**Stored data:**
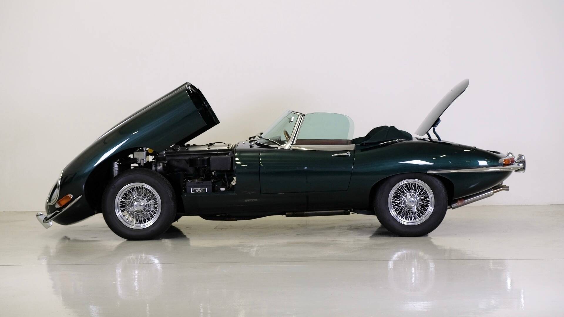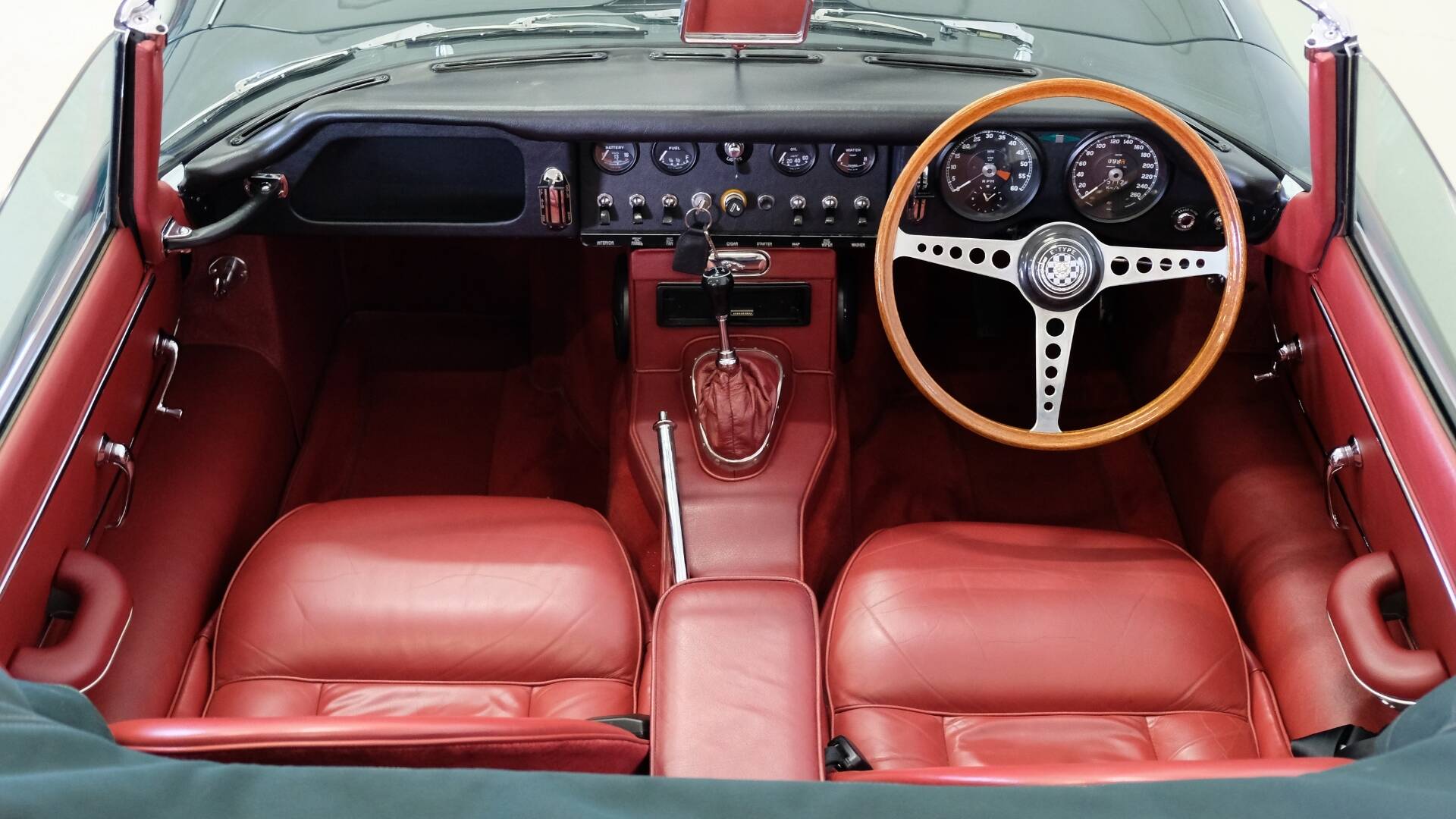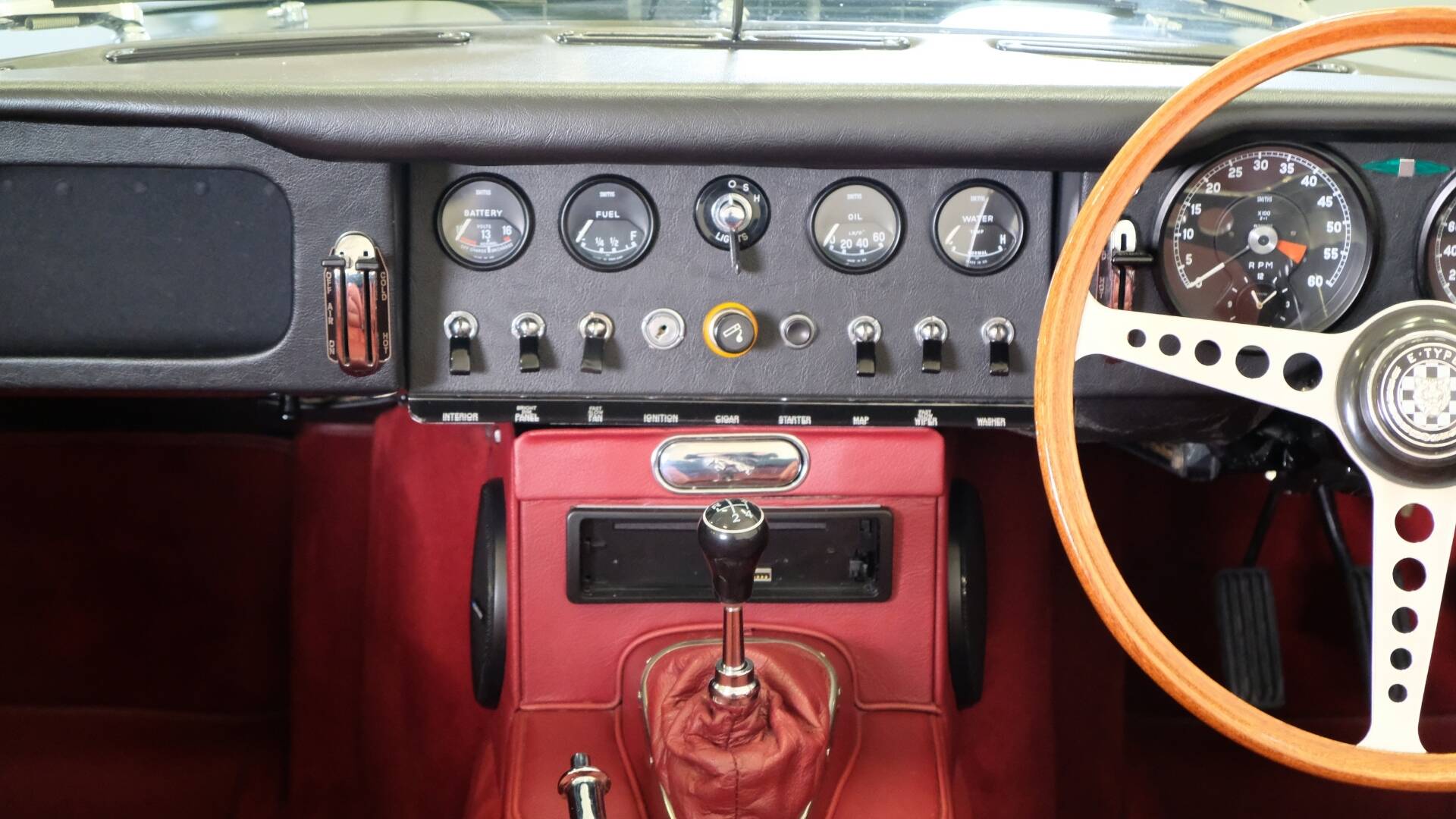 An enormous amount of work was undertaken, with particular attention paid to the fabrication of new body panels and the front subframe, as well as a comprehensive rebuild of the front and rear suspension. Known weaknesses of the E-Type were carefully addressed, with upgraded Cooper Craft brakes and a bespoke radiator fitted to improve braking performance and cooling. The 3.8-litre straight-six engine was rebuilt to original factory specification using numerous new components, while the matching-numbers four-speed Moss manual gearbox was also fully overhauled. A complete stainless-steel exhaust system was custom fabricated and installed. The body was then finished in classic British Racing Green, enhanced by a subtle metallic base.
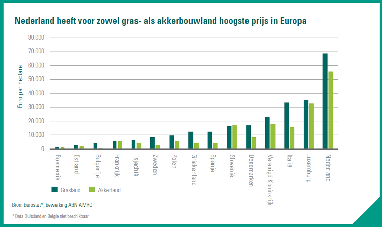 Nederland heeft in vergelijking tot andere Europese landen een flink hogere landbouwgrondprijs. De prijs van zowel grasland als akkerbouwland ligt hoger, zoals in onderstaande grafiek te zien is. In Duitsland (niet in de grafiek opgenomen) zijn de prijzen in het oosten veel lager dan in het westen, waar ze soms die van Nederland benaderen.
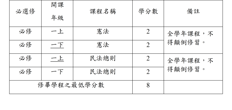 憲法是規定國家基本組織,及國家和人民間基本權利義務及其他重要制度的根本大法,也是國家考試必考之共同科目,為本系一年級之全學年必修課程共4學分。民法是規範人民私人間私權關係的法律,分為總則、債、物權、親屬、繼承共五編,本系安排於一至三年級必修課程共24學分,「民法總則」乃民法各編之通則,亦為私法領域之重要基礎,為本系一年級之全學年必修課程共6學分,適合外系學生探索法律之入門課程。

**Action item:**
Copy every line of the listing above exactly. Leave each picture out.

**Output:**
 An enormous amount of work was undertaken, with particular attention paid to the fabrication of new body panels and the front subframe, as well as a comprehensive rebuild of the front and rear suspension. Known weaknesses of the E-Type were carefully addressed, with upgraded Cooper Craft brakes and a bespoke radiator fitted to improve braking performance and cooling. The 3.8-litre straight-six engine was rebuilt to original factory specification using numerous new components, while the matching-numbers four-speed Moss manual gearbox was also fully overhauled. A complete stainless-steel exhaust system was custom fabricated and installed. The body was then finished in classic British Racing Green, enhanced by a subtle metallic base.
 Nederland heeft in vergelijking tot andere Europese landen een flink hogere landbouwgrondprijs. De prijs van zowel grasland als akkerbouwland ligt hoger, zoals in onderstaande grafiek te zien is. In Duitsland (niet in de grafiek opgenomen) zijn de prijzen in het oosten veel lager dan in het westen, waar ze soms die van Nederland benaderen.
 憲法是規定國家基本組織,及國家和人民間基本權利義務及其他重要制度的根本大法,也是國家考試必考之共同科目,為本系一年級之全學年必修課程共4學分。民法是規範人民私人間私權關係的法律,分為總則、債、物權、親屬、繼承共五編,本系安排於一至三年級必修課程共24學分,「民法總則」乃民法各編之通則,亦為私法領域之重要基礎,為本系一年級之全學年必修課程共6學分,適合外系學生探索法律之入門課程。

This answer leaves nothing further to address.